DATASET SECTION -

■ ■ ■ ■ ■

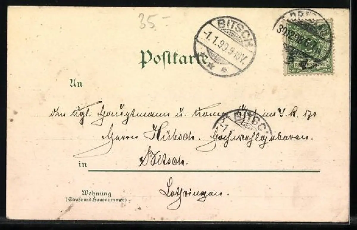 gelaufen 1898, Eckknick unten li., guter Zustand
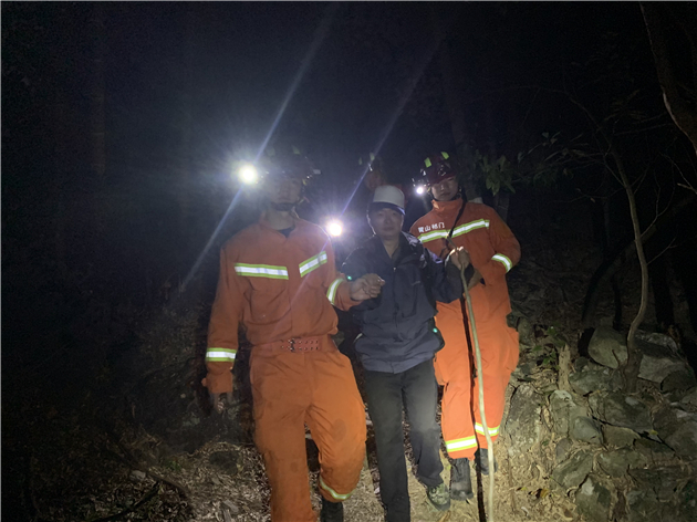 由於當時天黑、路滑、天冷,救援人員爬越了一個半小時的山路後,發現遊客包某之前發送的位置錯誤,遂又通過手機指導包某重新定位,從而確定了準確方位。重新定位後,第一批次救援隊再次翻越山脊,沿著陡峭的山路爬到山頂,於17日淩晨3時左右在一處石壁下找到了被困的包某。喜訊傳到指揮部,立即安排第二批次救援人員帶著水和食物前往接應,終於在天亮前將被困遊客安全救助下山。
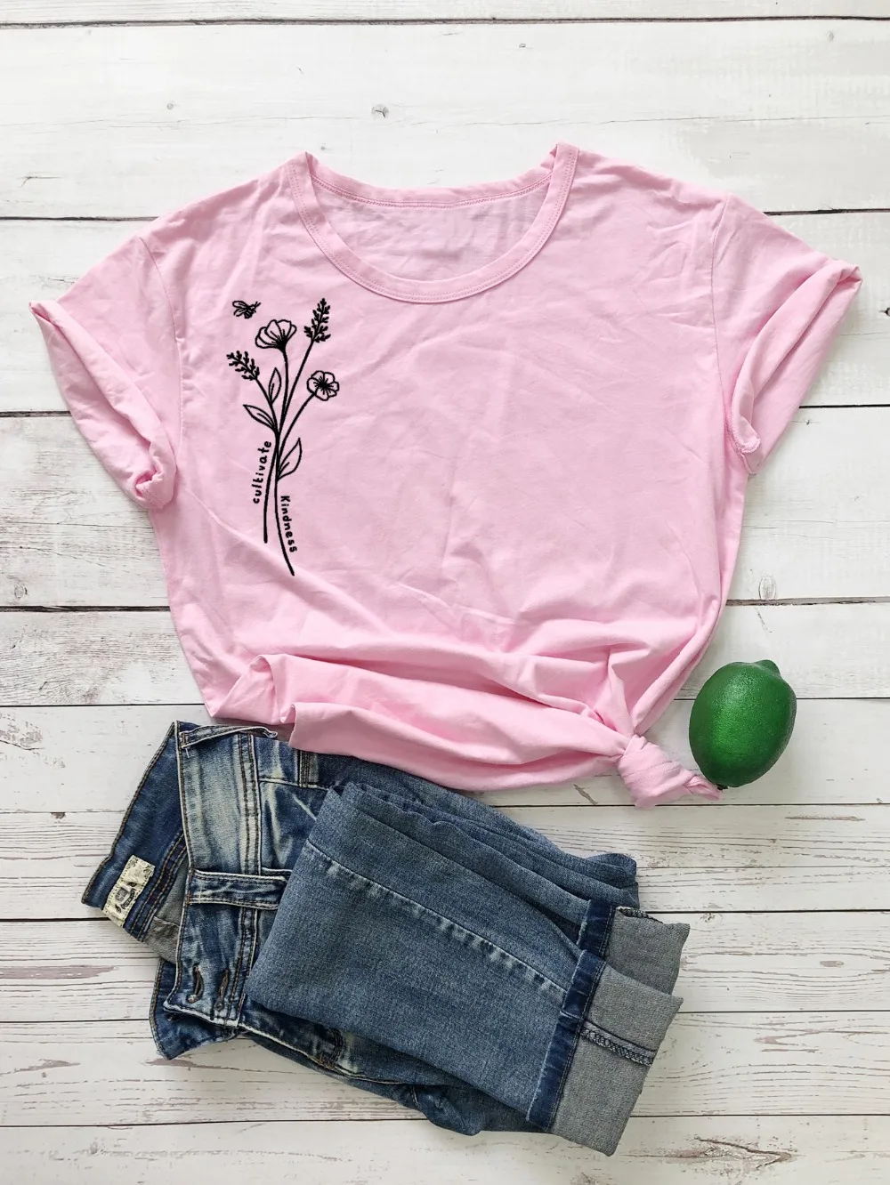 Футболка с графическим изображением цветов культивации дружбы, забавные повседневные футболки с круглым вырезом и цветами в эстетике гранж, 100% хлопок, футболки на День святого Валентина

■ ■ ■ ■ ■

Restate word for word the lines from the one with "由於當時天黑、路滑、天冷,救" to the end of the material, both included. Do not include the pictures.

 由於當時天黑、路滑、天冷,救援人員爬越了一個半小時的山路後,發現遊客包某之前發送的位置錯誤,遂又通過手機指導包某重新定位,從而確定了準確方位。重新定位後,第一批次救援隊再次翻越山脊,沿著陡峭的山路爬到山頂,於17日淩晨3時左右在一處石壁下找到了被困的包某。喜訊傳到指揮部,立即安排第二批次救援人員帶著水和食物前往接應,終於在天亮前將被困遊客安全救助下山。
 Футболка с графическим изображением цветов культивации дружбы, забавные повседневные футболки с круглым вырезом и цветами в эстетике гранж, 100% хлопок, футболки на День святого Валентина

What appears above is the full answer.